— Prompt —
Write out the listing below in its entirety, minus the pictures, without changing a word.

==== Dataset extract

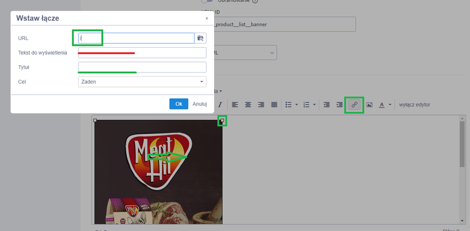 Ponownie kliknij na zdjęcie, sprawdź czy się rogi podświetliły. Podświetli się także ikonka łańcucha - linku.
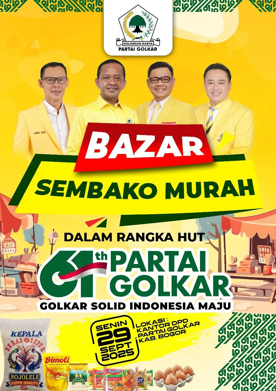 Bogor, JURNALISWARGA.ID – Dalam rangka memperingati Hari Ulang Tahun (HUT) ke-61 Partai Golkar, Dewan Pimpinan Daerah (DPD) Partai Golkar Kabupaten Bogor menggelar Bazar Sembako Murah untuk masyarakat. Acara tersebut akan berlangsung pada Senin, 29 September 2025, berlokasi di Kantor DPD Partai Golkar Kabupaten Bogor.
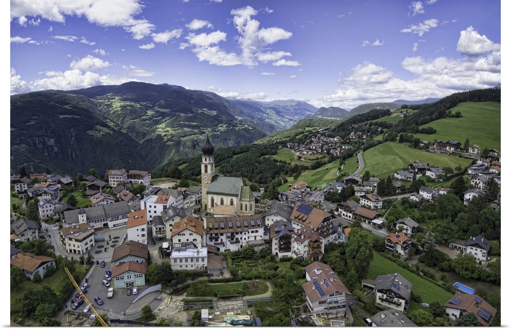 <p>Aerial capture of a church in Vols Am Schlern, Northern Italy.</p>
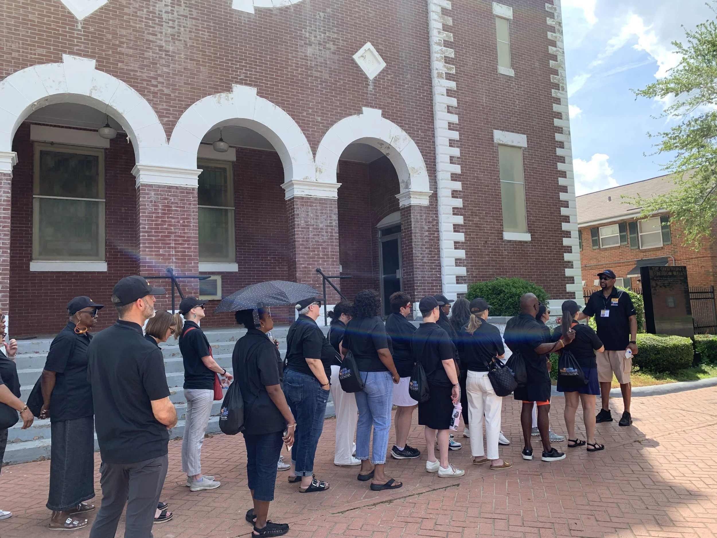 School knowledge also states that after the war, explains David, “we all got back together again, yet with blacks staying behind in their place throughout the Jim Crow era”. But then came the Civil Rights legislation and Martin Luther King’s “I have a dream speech”, David paraphrases what the visitors know, “and we are all equal now”.

========

— Reply —
 Ponownie kliknij na zdjęcie, sprawdź czy się rogi podświetliły. Podświetli się także ikonka łańcucha - linku.
 Bogor, JURNALISWARGA.ID – Dalam rangka memperingati Hari Ulang Tahun (HUT) ke-61 Partai Golkar, Dewan Pimpinan Daerah (DPD) Partai Golkar Kabupaten Bogor menggelar Bazar Sembako Murah untuk masyarakat. Acara tersebut akan berlangsung pada Senin, 29 September 2025, berlokasi di Kantor DPD Partai Golkar Kabupaten Bogor.
 <p>Aerial capture of a church in Vols Am Schlern, Northern Italy.</p>
 School knowledge also states that after the war, explains David, “we all got back together again, yet with blacks staying behind in their place throughout the Jim Crow era”. But then came the Civil Rights legislation and Martin Luther King’s “I have a dream speech”, David paraphrases what the visitors know, “and we are all equal now”.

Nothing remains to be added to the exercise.